PDA

Pokaż pełną wersje : Sposob na chorobe ?


Wexerh
13-04-2005, 22:26
nie mieliscie tak ze nie chcialo wam sie isc do szkoly ? , jakie macie sposoby na horobe ? :)

joey
13-04-2005, 22:31
jak chcesz moge ci załatwić 2 miechy wakacji :D gazrurką w dynie piznąć o murek, złamać noge, ręke, i 2 miechy wakacji :D naprawde warto... a tak pozatym 1. bierzesz kawałek ziemniaka liżesz 15x i zjadasz na surowo, na następny dzień nie wstajesz z wyra rano i wyglądasz na chorego :o

Matheous
13-04-2005, 22:42
Gdy mi sie nie chce isc do szkoly, to sobie mysle ze do szkoly z tak trywialnych powodow nie chodza takie geniusze jak zalozyciel tematu-wtedy od razu zrywam sie z lozka i ubieram...
Nigdy nie staram sie wymigac od szkoly-jestem zdrowy, ide, jestem chory-nie ide. Inna sprawa ze czesto jestem AUTENTYCZNIE chory(serio, bez udawania) gdy mi sie solidnie nie chce isc do szkoly:P raz nie chcialo mi sie jechac na wycieczke i w przeddzien sie rozchorowalem;) To sie nazywa pelna kontrola organizmu!!!;D

Emil1
13-04-2005, 22:44
Po prostu mówisz, że się źle czujesz i tyle. A tak po za tym to po co Ci to? Żeby mieć zaległości? Nie pójdziesz raz do szkoły, a potem się okaże, że nie znasz twierdzenia Pitagorasa.

EDIT:
Jak byłem młodszy to mi się nie chciało chodzić ale teraz każda opuszczona godzina (no prawie..) to Z-A-L-E-G-Ł-O-Ś-C-I. Przypuścmy, że nie pójde do szkoły i będe grał na komputerze albo się gapił w TV dodatkowe 6 godzin, tylko po to, by kuć następne 1,5 godz tego na czym mnie nie było (no chyba, że powtórka działu który umiem).

Grzyb
13-04-2005, 22:51
trzeba miec ostro nadymione pod kopula zeby chorobe na sile wywolywac.
jak ci sie nie chce isc do szkoly to nie idz, a jak cie rodzice wyganiaja to zawsze ten czas mozesz gdzie indziej spedzic, wywolywanie choroby to najglupsze co mozesz zrobic

Dr.Unknown
13-04-2005, 22:59
Jeśli ja nie mam ochoty iść gdziekolwiek (w tym do szkoły), to poprostu nie idę, proste?

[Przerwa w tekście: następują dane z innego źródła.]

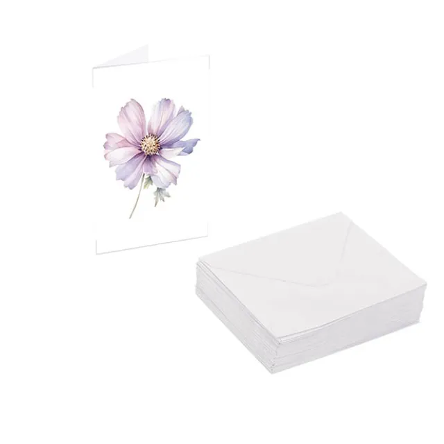 There are 25 folded cards per pack, along with 25 white envelopes. Sold as a complete pack of 25 cards and envelopes, the cards measure 6.5cm wide and 10cm tall when folded.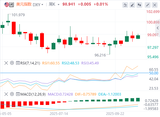 综上所述,本周美元指数在多种因素交织下呈现出复杂走势,未来走向仍充满不确定性,市场将密切关注地缘政治、贸易局势、美联储政策以及美国政府停摆等关键因素的发展。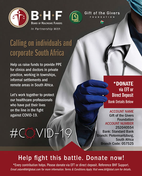 The Board of Healthcare Funders (BHF) has joined forces with Gift of the Givers to help raise funds in support of clinics and doctors in private practice, operating in townships, informal settlements and rural and remote areas.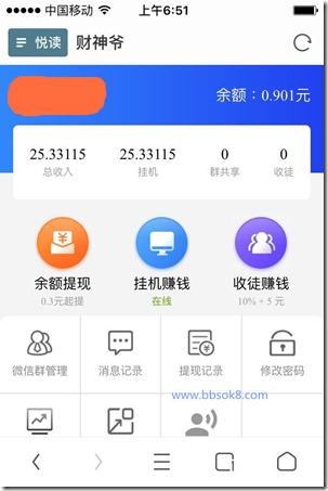 注册好账户,然后进入主页,强烈建议浏览器中添加书签,方便以后进入页面提现,账户满0.3元即可提现到微信钱包,秒到账。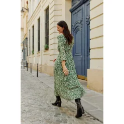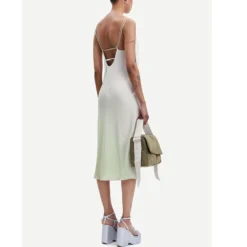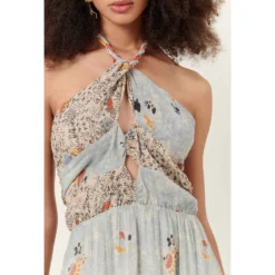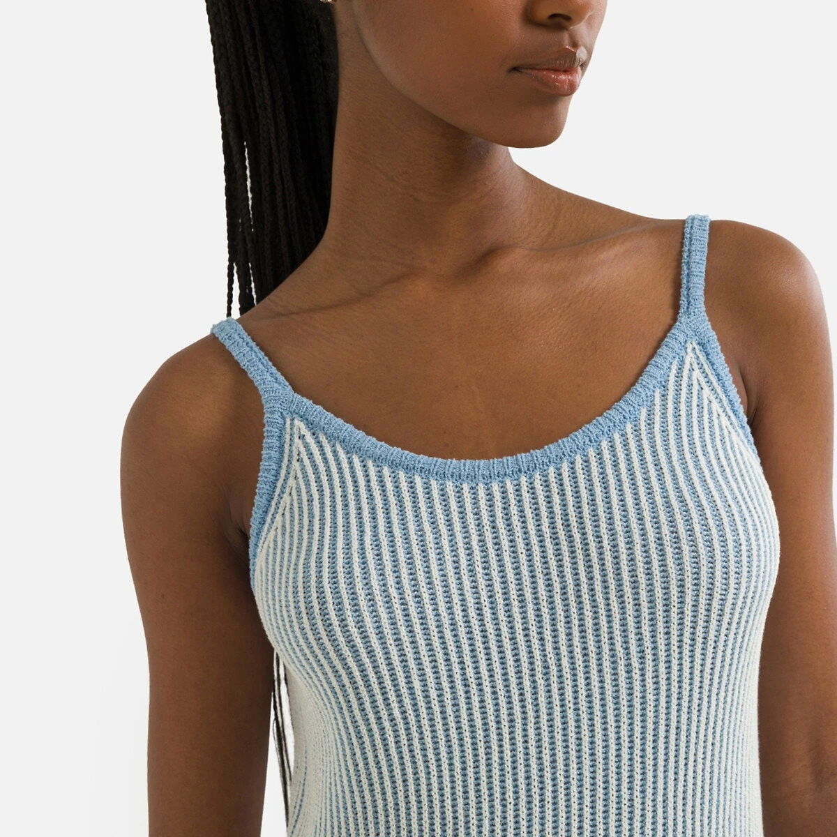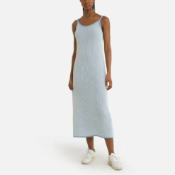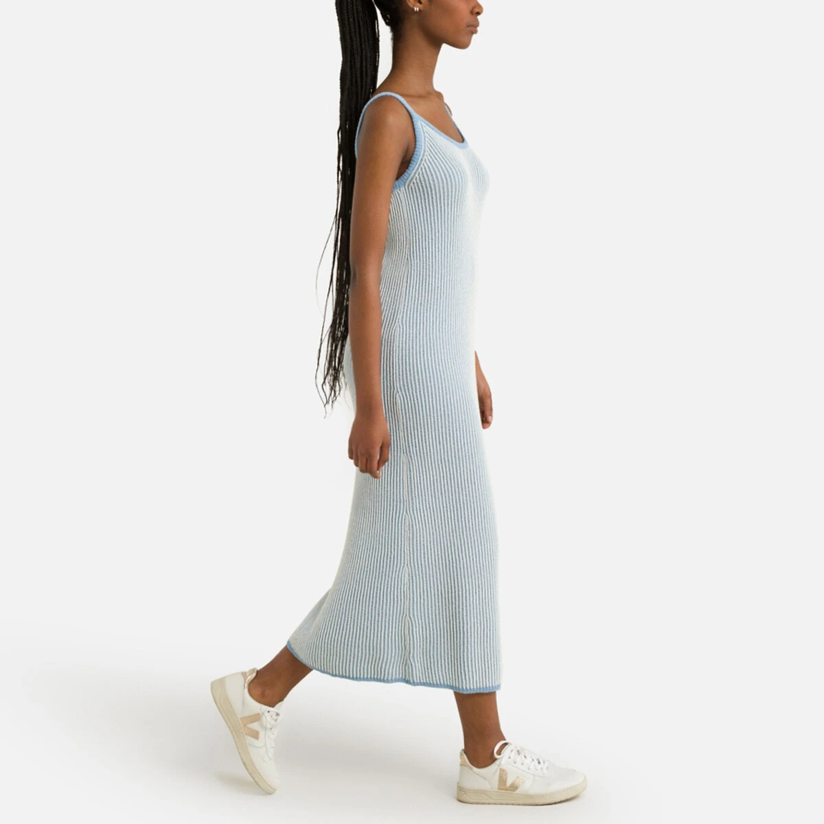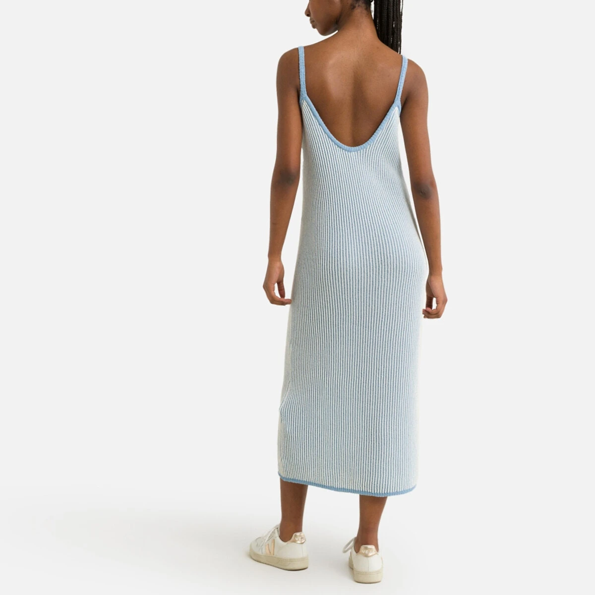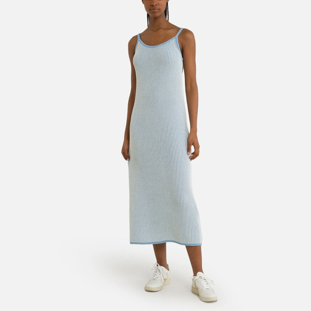 Robe droite, longue à fines bretelles PAGAVILLE bleu/écru AMERICAN VINTAGE

Po co wymyslać jakieś banialuki i "horoby"??

Wexerh
13-04-2005, 23:00
ja nie mowie ze niechce isc poprostu chce abyscie wyrazili wasze reflekcja spoglady

Bucik
13-04-2005, 23:29
niewiem jak można zachowować ale ja mam swój sposób na oszukanie rodziców... biore termometr i tym cienszym czubkiem co powinien iść pod pache. To ja nim stukam o ręke i powoli temperatura rośnie i rośnie... u mnie to już nie działa bo matka zobaczyła że przy 38 stopniach siedze i gram na kompie :D

Raynold
13-04-2005, 23:37
Ja się kiedyś bawiłem termometrem, zbliżałem go nad parę gotującej się wody, jednak raz trochę przesadziłem i zbliżyłem za bardzo... Rozlana rtęć bardzo fajnie wygląda ;>

Ale ja (niestety) byłem zbyt porządny, żeby na siłę szukać usprawiedliwień od szkoły. W ogóle to moja dziewczyna chodziła do tej samej szkoły to czemu miałbym specjalnie się wymigiwać? ;)

SAKU
14-04-2005, 16:05
Nie nawidze chorowac spoko caly dzien samemu siediec w domu
<dreszcze>

M@NieK
14-04-2005, 16:14
Wiesz.. jak mieszkam na 10 pietrze.. mozesz wpasc.. ^^

Lordek Of Rubera
14-04-2005, 16:17
Ja w trzeciej klasie wkurzałem starszych kolegów... i mnie w śniegu natarli :D


efekt:

Dwa tygodnie choroby (zapalenie zatok :P)

Radek 666
14-04-2005, 17:38
Ja się kiedyś bawiłem termometrem, zbliżałem go nad parę gotującej się wody, jednak raz trochę przesadziłem i zbliżyłem za bardzo... Rozlana rtęć bardzo fajnie wygląda ;>

U mnie było tak samo, i odechciało mi się takich "zabiegów" :> .

Sir Otto
14-04-2005, 18:56
Ja się rozumiem z mojąmamą doskonale kiedy mi się nie chce-nie chodzę pozatym mam IDYWIDUALNE NAUCZANIE specjalnie. Nauczycielki przychodzą ja wstaje o 10 rano i 10 godzin mam wolnego (zalóżmy że o 8) o np dzisiaj dostałem z klasówy 5- z anglika ;).

Wexerh
14-04-2005, 19:06
ja tez tak chce :) , eh skoro chodzi o rtec to mi do czajnika sie wlala ale to juz szczegoly

LOLO
14-04-2005, 20:09
Według mnie najlepiej namoczyć se głowe wodą i położyć się spać(jak jest w domu zimno).

Adaras
14-04-2005, 20:51
Ja tam nigdy specjalnie nie opuszczałem lekcji - bo po co? Potem trzeba nadrabiać zaległości jak inni mają wolne ;)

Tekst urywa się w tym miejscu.